By on 10/01/2019 | Updated on 04/02/2022
Tim Occleshaw has been credited with overseeing the delivery of cross-government ICT strategy, helping build sector resilience through uptake in common capabilities and developing system-wide standards

Tim Occleshaw, who runs New Zealand’s digital operation, has learned from the backlash against other countries’ central digital units – and established a ‘networked leadership’ model that leaves agencies in the driving seat. He tells Matt Ross why he prefers persuasion to power

It’s a fairly hard rule of human psychology that organisational leaders don’t turn down the chance to win more powers or resources. Yet when New Zealand was setting up its digital government operation a few years ago, Tim Occleshaw did just that.

“Ministers asked us whether we wanted to have increased powers, and perhaps a right of veto around digital investments if we didn’t think they were on the right track,” recalls Occleshaw – who, as Deputy Government Chief Digital Officer, has managed New Zealand’s cross-government digital operation since 2012. “And what I proposed instead was that we didn’t really want the right of veto: that would potentially mess up accountabilities, and it would set us up to be battling agencies fairly frequently.”

The New Zealanders’ decision, Occleshaw explains, owed much to the experiences of the UK’s Government Digital Service: a powerful central unit which, whilst ground-breaking and influential, has been bloodied – and, ultimately, weakened – by a series of clashes with Whitehall departments. A “senior British civil servant” within GDS, Occleshaw recalls, had warned him that “the civil service has a very powerful immune system: that it’s very good at isolating disruptors.”

And Occleshaw listened carefully: that comment “might even have been the genesis of our choice to be on the field of play with the agencies, rather than on the sidelines,” he says now. For New Zealand’s digital team, he adds, “it’s better to paint a picture of the desired vision, and to have agencies wanting to be on board, as opposed to us constantly trying to fight them or impose controls that they’ll have all sorts of resourceful ways to resist if they wish.”

The Kiwi model

The consequence of this thinking was an approach described by Occleshaw as “centrally-led and collaboratively-delivered”, in which agencies have “skin in the game: they co-own the digital agenda, and we co-design strategies and standards.”

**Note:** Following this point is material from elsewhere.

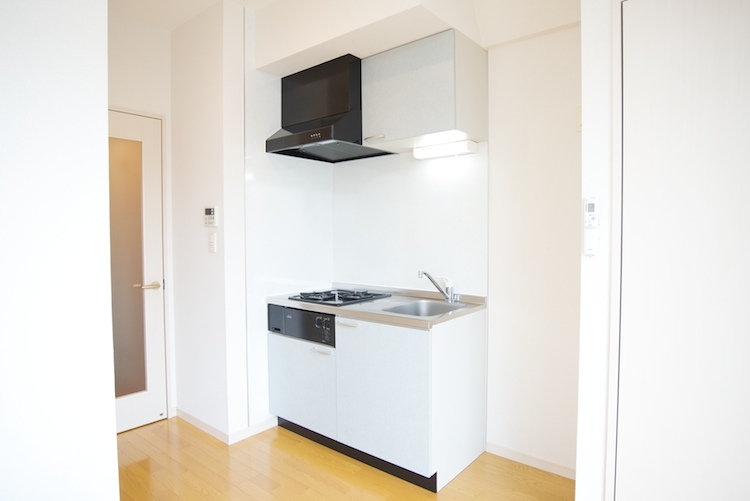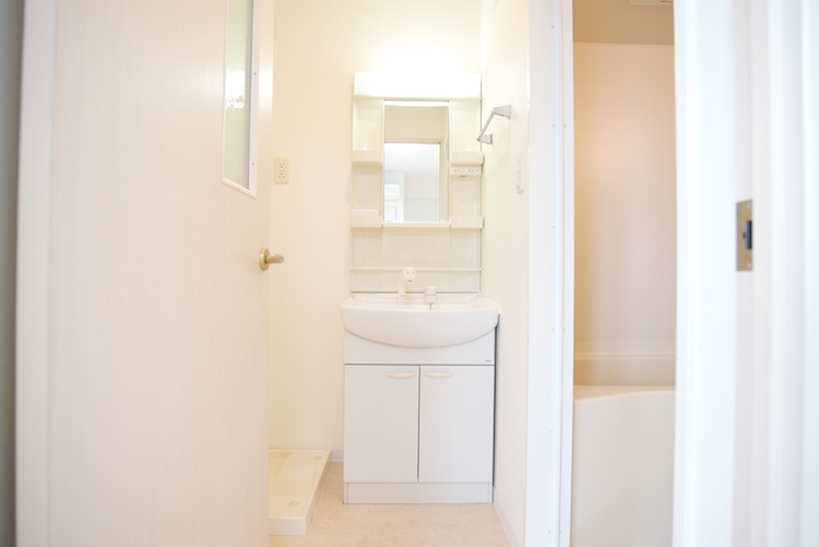 今回の物件は特徴的な間取りをしており、水周りが廊下の途中ではなく居室の奥に位置しています。廊下にキッチンやお風呂がある場合、冬になると料理やお風呂に入るとき寒いのですが、この間取りだと、部屋から出る事なく済ます事が出来ます。

At the heart of New Zealand’s model is the Digital Government Partnership (DGP): a group of 60-odd agency chief execs and senior directors who oversee the development of digital policies, tools and major projects. Emerging projects, such as the creation of design standards and the forthcoming Digital Government Strategy, are pursued by DGP sub-groups combining agency staffers with members of the 100-strong Office of the Government Chief Digital Officer (OGCDO) team run by Occleshaw (Chief Digital Officer Paul James plays a more strategic role, as he’s also Chief Executive of the Department of Internal Affairs – where Occleshaw is the Deputy Chief Executive responsible for Service and System Transformation).

By putting agencies at the heart of strategic development, Occleshaw argues, this system ensures that “the successes are theirs, the investment theirs, the services theirs – and what we attempt to do is to guide that and to leverage investment across the system, working with them.”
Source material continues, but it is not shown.